Minneapolis, MN - U.S. Bancorp, the parent company of U.S. Bank, announced an 8.4% decline in its fourth-quarter net income. The decrease is primarily attributed to one-time charges incurred during the period.

Financial Performance

The company's net income for the fourth quarter amounted to $847 million, or 49 cents per share, compared to $925 million, or 57 cents per share, in the same period last year. Adjusted earnings stood at 99 cents per share, meeting analysts' expectations.

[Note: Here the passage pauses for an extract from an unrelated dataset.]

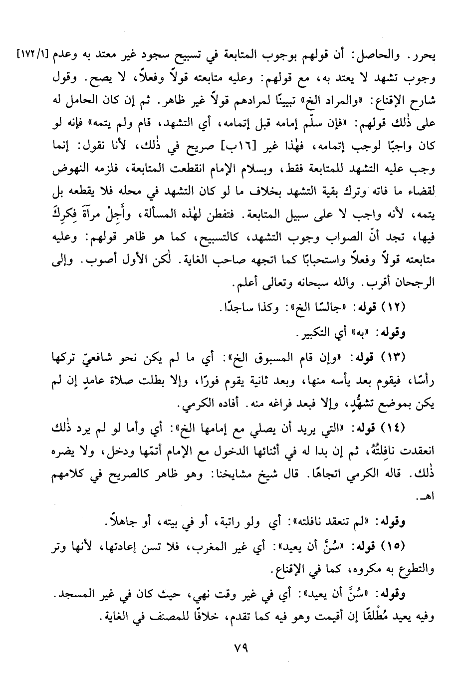 يحرر. والحاصل: أن قولهم بوجوب المتابعة في تسبيح سجود غير معتد به وعدم [1/ 172] وجوب تشهد لا يعتد به، مع قولهم: وعليه متابعته قولًاوفعلًا، لا يصح. وقول شارح الإقناع: "والمراد الخ" تبيينًا لمرادهم قولًا غير ظاهر. ثم إن كان الحامل له على ذلك قولهم: "فإن سلّم إمامه قبل إتمامه، أي التشهد، قام ولم يتمه" فإنه لو كان واجبًا لوجب إتمامه، فيذا غير [16ب]، صريح في ذلك، لأنا نقول: إنما وجب عليه التشهد للمتابعة فقط، وبسلام الإمام انقطعت المتابعة، فلزمه النهوض لقضاء ما فاته وترك بقية التشهد بخلاف ما لو كان التشهد في محله فلا يقطعه بل يتمه، لأنه واجب لا على سبيل المتابعة. فتفطن لهذه المسألة، وأَجِلْ مرآةَ فِكرِكَ فيها، تجد أنّ الصواب وجوب التشهد، كالتسبيح، كما هو ظاهر قولهم: وعليه متابعته قولًا وفعلًا واستحبابًا كما اتجهه صاحب الغاية. لكن الأول أصوب. وإلى الرجحان أقرب. والله سبحانه وتعالى أعلم.

Factors Contributing to Decline

U.S. Bancorp cited several notable items that contributed to the decline in net income. These include a special assessment fee of $734 million imposed by the Federal Deposit Insurance Corp. and merger and integration-related charges amounting to $171 million in connection with the acquisition of MUFG Union Bank.

Revenue Growth

Despite the decline in net income, U.S. Bancorp saw a growth in revenue for the fourth quarter. Revenue increased by 6.2% to reach $6.76 billion, slightly lower than the $6.85 billion expected by analysts polled by FactSet.

Credit Loss Provisions

In the fourth quarter, the company allocated $512 million for credit losses. This figure is lower compared to the $515 million provisioned in the previous quarter and the $1.19 billion provisioned in the same period last year.